─── Dataset section

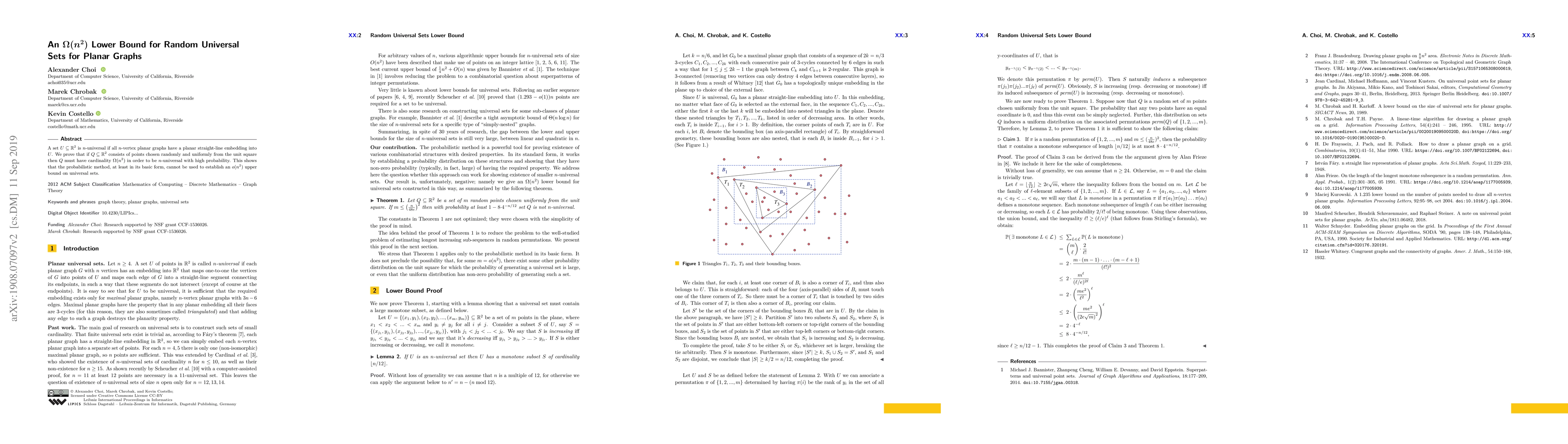 A new study proves that a randomly chosen set of points in 2D space must have at least n^2 points to ensure it can embed any n-vertex planar graph, challenging the use of probabilistic methods to find smaller universal sets.
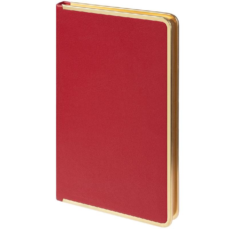 Изящный ежедневник с зауженным блоком и стильными деталями — металлической окантовкой на обложке и металлизированным обрезом.
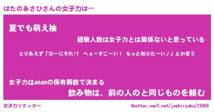 | ヘコむあだ名 | 『はたもー』『なまこ酢』『はた太郎』 |
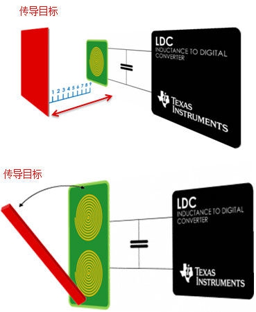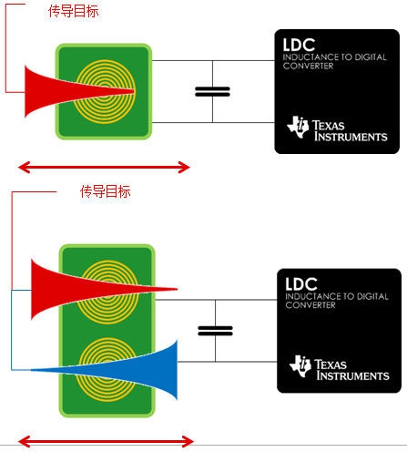 LDC也可以用來(lái)測(cè)量目標(biāo)物體橫向運(yùn)動(dòng)的狀況。如下圖所示,當(dāng)一個(gè)楔形金屬目標(biāo)掠過(guò)傳感線圈時(shí),渦流損耗的變化便被記錄下來(lái)。如果采用兩個(gè)傳感線圈,那么目標(biāo)物體與探測(cè)線圈之間距離的抖動(dòng)誤差就可以通過(guò)差分的形式加以消除。

──────

From start to finish, output the listing exactly, but omit its pictures.

 A new study proves that a randomly chosen set of points in 2D space must have at least n^2 points to ensure it can embed any n-vertex planar graph, challenging the use of probabilistic methods to find smaller universal sets.
 Изящный ежедневник с зауженным блоком и стильными деталями — металлической окантовкой на обложке и металлизированным обрезом.
 | ヘコむあだ名 | 『はたもー』『なまこ酢』『はた太郎』 |
 LDC也可以用來(lái)測(cè)量目標(biāo)物體橫向運(yùn)動(dòng)的狀況。如下圖所示,當(dāng)一個(gè)楔形金屬目標(biāo)掠過(guò)傳感線圈時(shí),渦流損耗的變化便被記錄下來(lái)。如果采用兩個(gè)傳感線圈,那么目標(biāo)物體與探測(cè)線圈之間距離的抖動(dòng)誤差就可以通過(guò)差分的形式加以消除。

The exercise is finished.